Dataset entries

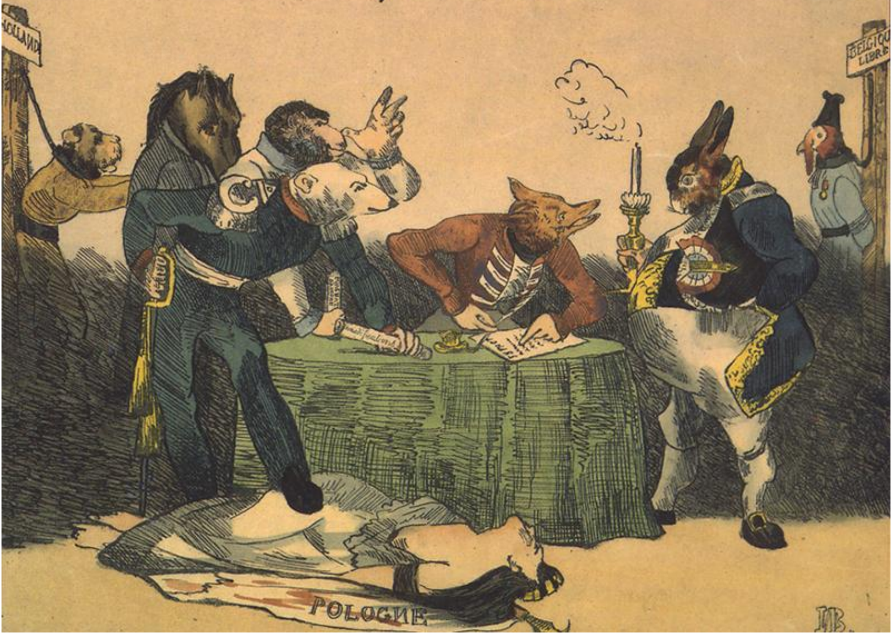
Konferencija u Londonu iz 1832.
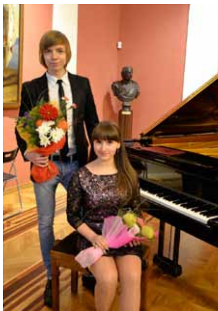
Присуждение звания лауреата госпремии по поддержке талантливой молодежи в рамках национального проекта «Образование». Губернаторский дом. Ярославль. 2013 год.
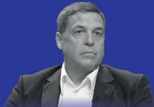
АЛЕКСАНДР ЛЮБИМОВ Журналист, продюсер, медиаменеджер
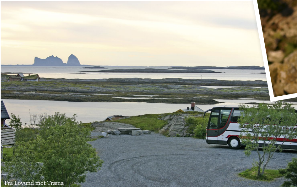
Fra Lovund mot Træna
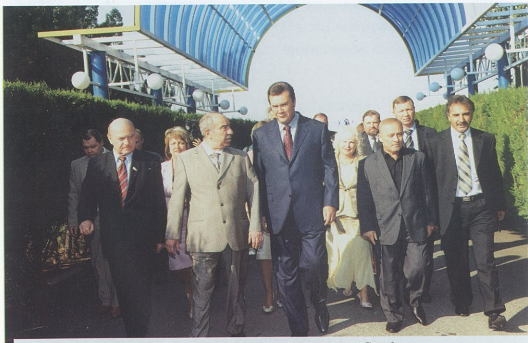
Встреча В. Ф. Януковича в аэропорту Симферополя. 12 июня 2005 года.
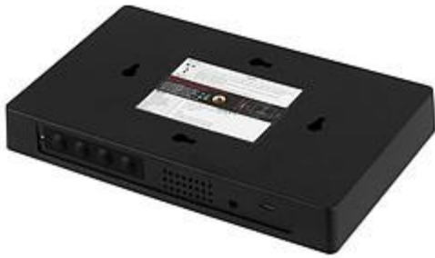
Achterzijde van het apparaat
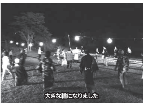
大きな輪になりました

場に会場を移して8月16日(火)に開催しました。木島平村、長野市長沼の愛好家の皆さんにもお越しいただき、大きな輪を描きながら踊ることができました。
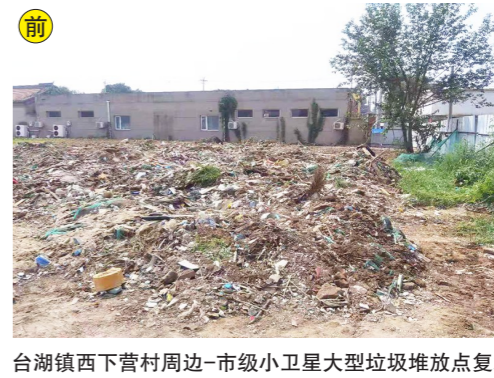
台湖镇西下营村周边-市级小卫星大型垃圾堆放点复发点位
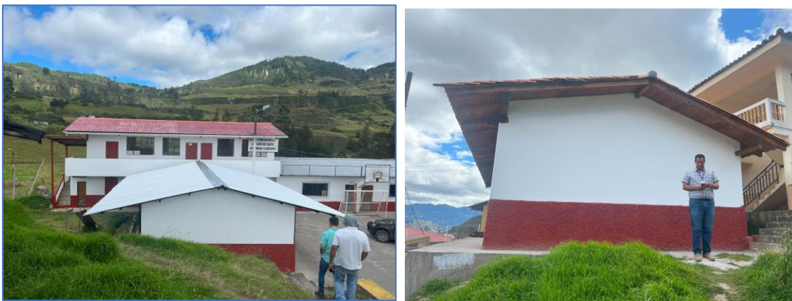
Ilustración 6: Mantenimiento del CECIB. Primicias de la Cultura de Quito.

## WORK ITEM
Return every line above word for word, minus images.

## WRITTEN ANSWER
Konferencija u Londonu iz 1832.
Присуждение звания лауреата госпремии по поддержке талантливой молодежи в рамках национального проекта «Образование». Губернаторский дом. Ярославль. 2013 год.
АЛЕКСАНДР ЛЮБИМОВ Журналист, продюсер, медиаменеджер
Fra Lovund mot Træna
Встреча В. Ф. Януковича в аэропорту Симферополя. 12 июня 2005 года.
Achterzijde van het apparaat
大きな輪になりました

場に会場を移して8月16日(火)に開催しました。木島平村、長野市長沼の愛好家の皆さんにもお越しいただき、大きな輪を描きながら踊ることができました。
台湖镇西下营村周边-市级小卫星大型垃圾堆放点复发点位
Ilustración 6: Mantenimiento del CECIB. Primicias de la Cultura de Quito.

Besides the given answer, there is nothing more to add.